Mass spectra were acquired in negative ion mode at a rate of 1 scan per second between 50 m/z and 1200 m/z. The sample cone and heater bias were set to 60 V. Instrument calibration was performed daily in resolution mode using a 0.5 mM solution of sodium formate (flow rate 50 µl/min). The lock mass solution (0.4 µg/ml, leucine enkephalin in IPA) was continuously introduced during sample analysis at 30 µl/min. For each experiment, samples were analyzed in a formally randomised order on one or more days.

Data analysis

The raw mass spectra were imported into the model building software package Offline Model Builder (OMB-1.1.28; Waters Research Centre, Hungary), which allows separation of sample groups (classifications) based on principal component analysis (PCA) and linear discriminant analysis (LDA). Data were additionally analyzed using R (version 4.2.1)18 and the R Studio environment19, by PCA and LDA, as well as random forest analysis.

For Offline Model Builder, the burn events of the analyzed specimens were defined individually, summing all the MS scans within each chosen area. The option to create one spectrum per sample was selected. Other pre-processing parameters included the intensity threshold, which was set between 4e5 and 9e5 (depending on the background baseline), spectra correction using the lock mass (leucine enkephalin, 554.26 m/z) and background subtraction. To reduce the complexity of the mass spectral data, all acquired data points from 50 to 1200 m/z were combined into mass bins, each 0.1 m/z wide. Subsequent model calculation was based on principal component and linear discriminant analysis (PCA-LDA).

The models built by Offline Model Builder were cross-validated (leaving out 20% of data, for outliers the standard deviation multiplier was set to 5) to obtain the correct classification rate, as well as the number of failures and outliers and a matrix displaying the number of correctly and incorrectly identified samples of each classification. To additionally test discrimination, sample classifications were randomised and the data were re-analyzed, the expectation being a random distribution of samples and the inability to achieve separation.
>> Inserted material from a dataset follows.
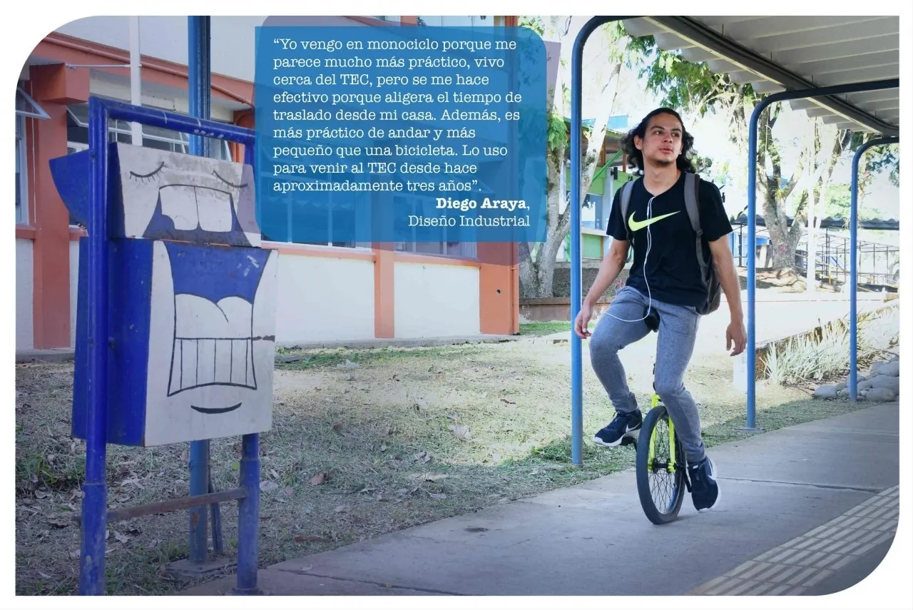 En un día soleado las bicicletas y otras formas inusuales de transportarse son ideales para venir a estudiar al TEC. Aunque para muchos más que lluvia o sol, caminar es el medio usual para contribuir con el ambiente y de paso favorecer al bolsillo. Así como andar en bicicleta es una forma de realizar actividad física y estar saludable.
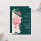 Den här mörken med elegant moody smarald grönt och mörken för blommigt med rosorna bröllopsinbjudningar har moody -blommor, grönmani, vackra handskrivet rosa-manusmanusjus på snyggt och rik smaragdbakgrund. Den här inbjudan är perfekt för paret att ha bröllop på en romantisk, formell, elegant, modern, chic, sofistikerad, trendig, trädgårdsäsong eller bröllop-plats utomhus.

For further analysis with R, the data matrix of each model was exported as a .csv file from Offline Model Builder, containing information about classification and the relative intensities for every mass bin. The matrices were used to perform random forest analysis in R using the package ‘randomForest’20. The data sets were randomly split into a training set (approx. 70% of the data) and a test set (approx. 30% of the data). Random forest results are displayed in form of confusion matrices. Trees were conducted 10 times for every model (using a different, randomly selected subset of samples for training and testing every time); the numbers of correctly identified and confused samples were turned into percentages and averaged. The optimal number of trees and mtry value were determined during the first analysis of each model and kept the same for each repeated analysis. A second R package, called ‘randomForestExplainer’21, was used to identify the most informative bins/ions that were driving class separation. PCA-LDA was also performed within the R environment, using the in-built package ‘stats’ and the package ‘MASS’22 and results visualized in form of kernel density plots and 2D- and 3D-scatter plots created using ‘ggplot2’23 and ‘scatterplot3d’24. PC-LDA based models were built with a quarter of the maximum number of principal components (PCs) unless stated otherwise. In OMB, models were built with a maximum of 100 PCs.